> ACTIVITY
Exactly as they appear, print the line with "而近日,網上又曝光出了華為新" and each line after it through the end of the entries below; leave out pictures.

> EXERCISE DATA

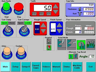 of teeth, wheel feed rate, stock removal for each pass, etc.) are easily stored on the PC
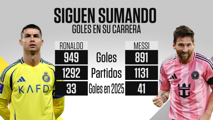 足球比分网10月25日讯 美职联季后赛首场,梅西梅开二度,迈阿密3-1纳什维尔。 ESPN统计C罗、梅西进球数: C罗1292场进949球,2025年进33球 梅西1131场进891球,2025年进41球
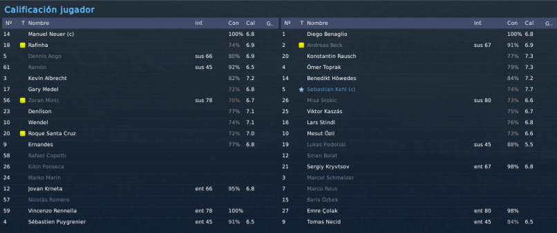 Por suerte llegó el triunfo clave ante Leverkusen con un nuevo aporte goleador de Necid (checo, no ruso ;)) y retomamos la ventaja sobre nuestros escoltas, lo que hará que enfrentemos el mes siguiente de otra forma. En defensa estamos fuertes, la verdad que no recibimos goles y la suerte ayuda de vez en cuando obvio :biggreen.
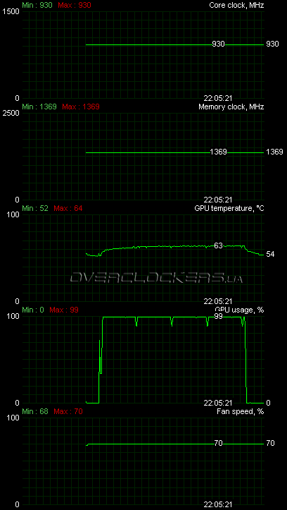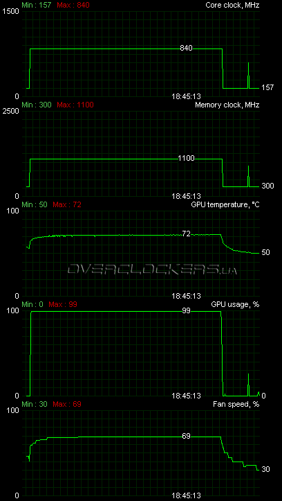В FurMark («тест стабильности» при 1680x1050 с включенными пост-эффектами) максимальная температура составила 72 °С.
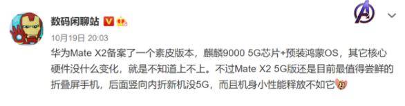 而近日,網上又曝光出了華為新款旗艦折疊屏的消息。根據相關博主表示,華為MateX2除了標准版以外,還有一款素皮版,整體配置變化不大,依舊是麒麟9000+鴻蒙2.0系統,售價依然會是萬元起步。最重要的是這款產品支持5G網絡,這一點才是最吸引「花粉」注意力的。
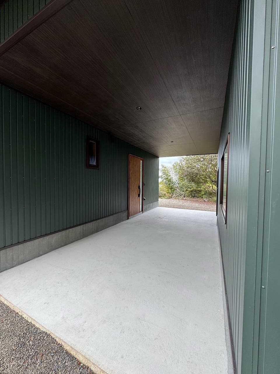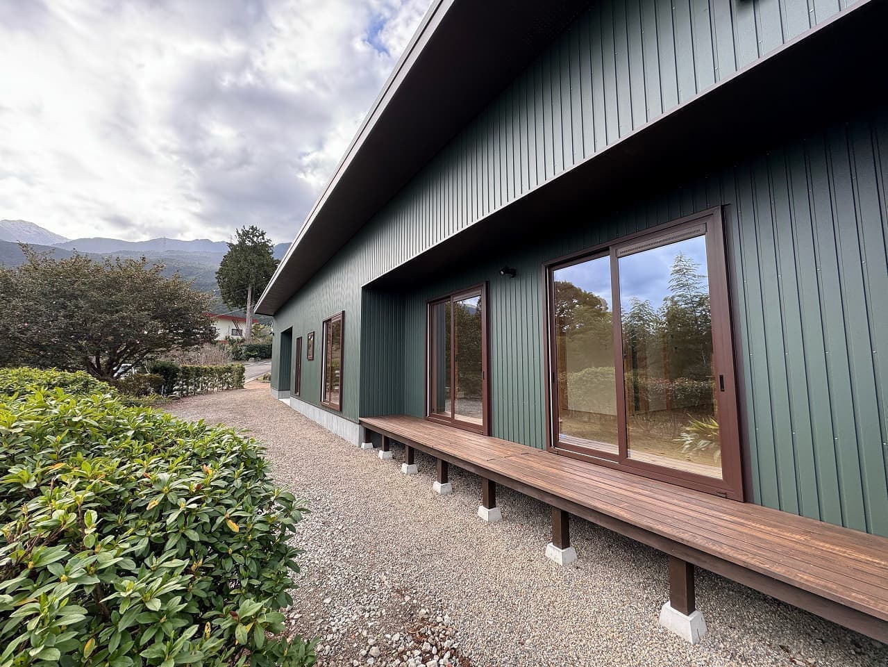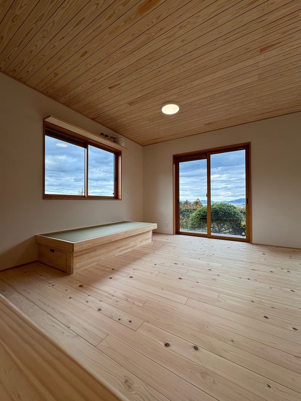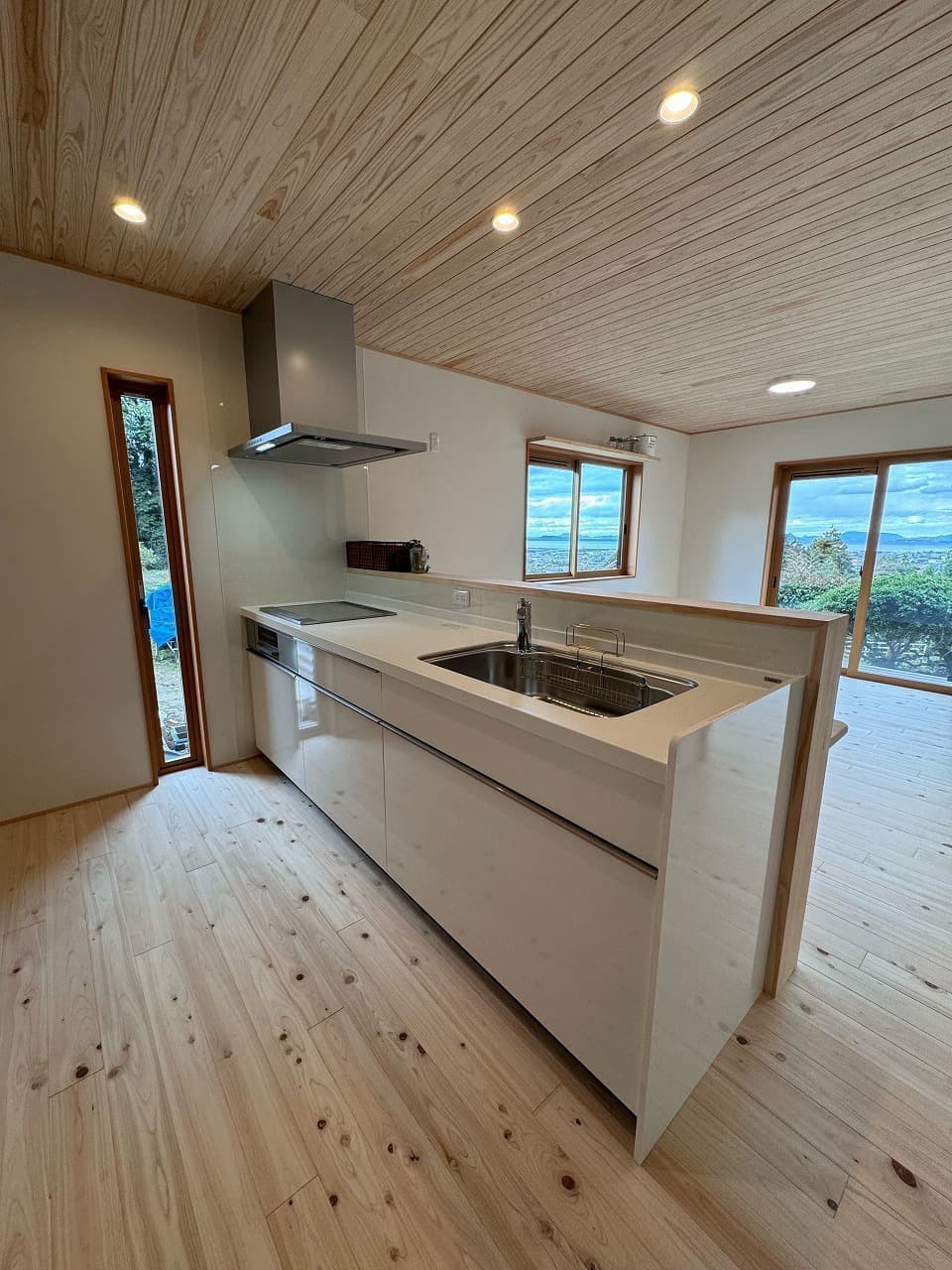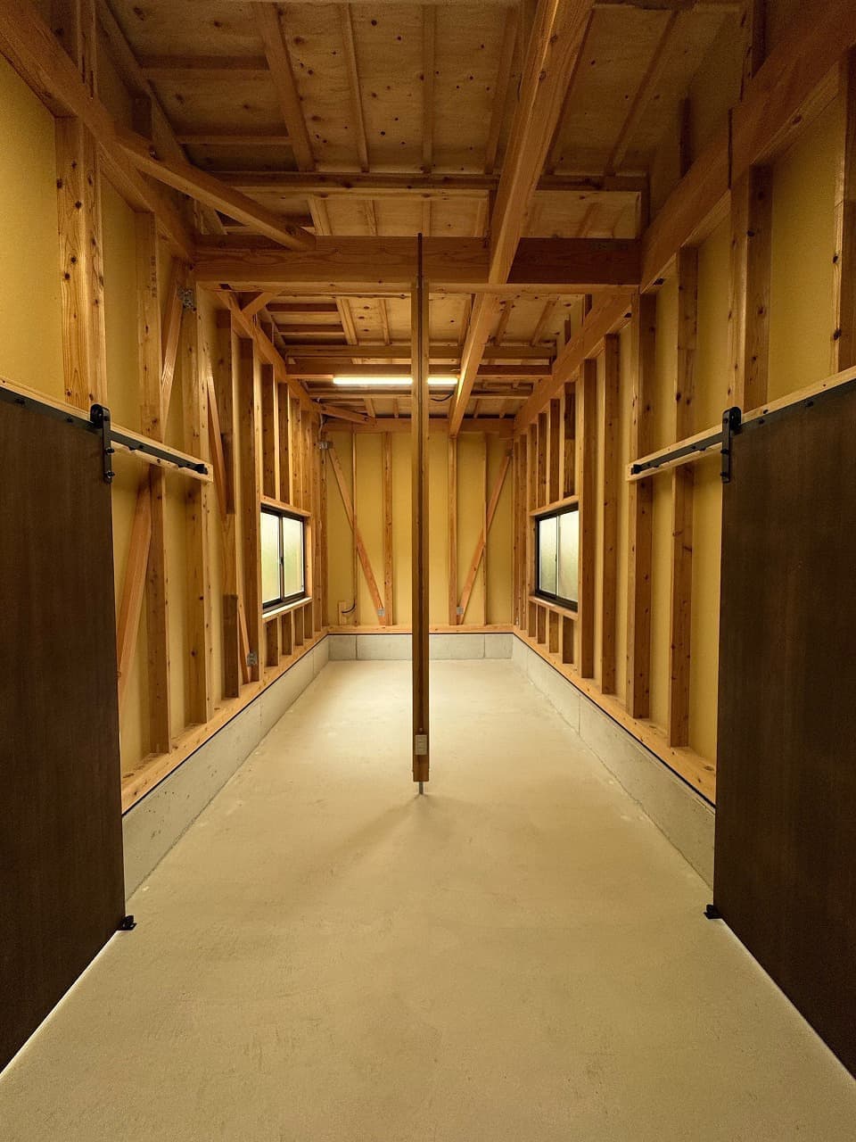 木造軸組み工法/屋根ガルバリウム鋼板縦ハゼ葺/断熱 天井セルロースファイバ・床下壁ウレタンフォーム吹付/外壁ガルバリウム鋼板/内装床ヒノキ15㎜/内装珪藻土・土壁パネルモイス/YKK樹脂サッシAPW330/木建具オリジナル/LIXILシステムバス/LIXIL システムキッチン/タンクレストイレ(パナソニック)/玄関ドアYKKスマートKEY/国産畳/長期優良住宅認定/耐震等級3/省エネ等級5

> WRITTEN RESPONSE
 而近日,網上又曝光出了華為新款旗艦折疊屏的消息。根據相關博主表示,華為MateX2除了標准版以外,還有一款素皮版,整體配置變化不大,依舊是麒麟9000+鴻蒙2.0系統,售價依然會是萬元起步。最重要的是這款產品支持5G網絡,這一點才是最吸引「花粉」注意力的。
 木造軸組み工法/屋根ガルバリウム鋼板縦ハゼ葺/断熱 天井セルロースファイバ・床下壁ウレタンフォーム吹付/外壁ガルバリウム鋼板/内装床ヒノキ15㎜/内装珪藻土・土壁パネルモイス/YKK樹脂サッシAPW330/木建具オリジナル/LIXILシステムバス/LIXIL システムキッチン/タンクレストイレ(パナソニック)/玄関ドアYKKスマートKEY/国産畳/長期優良住宅認定/耐震等級3/省エネ等級5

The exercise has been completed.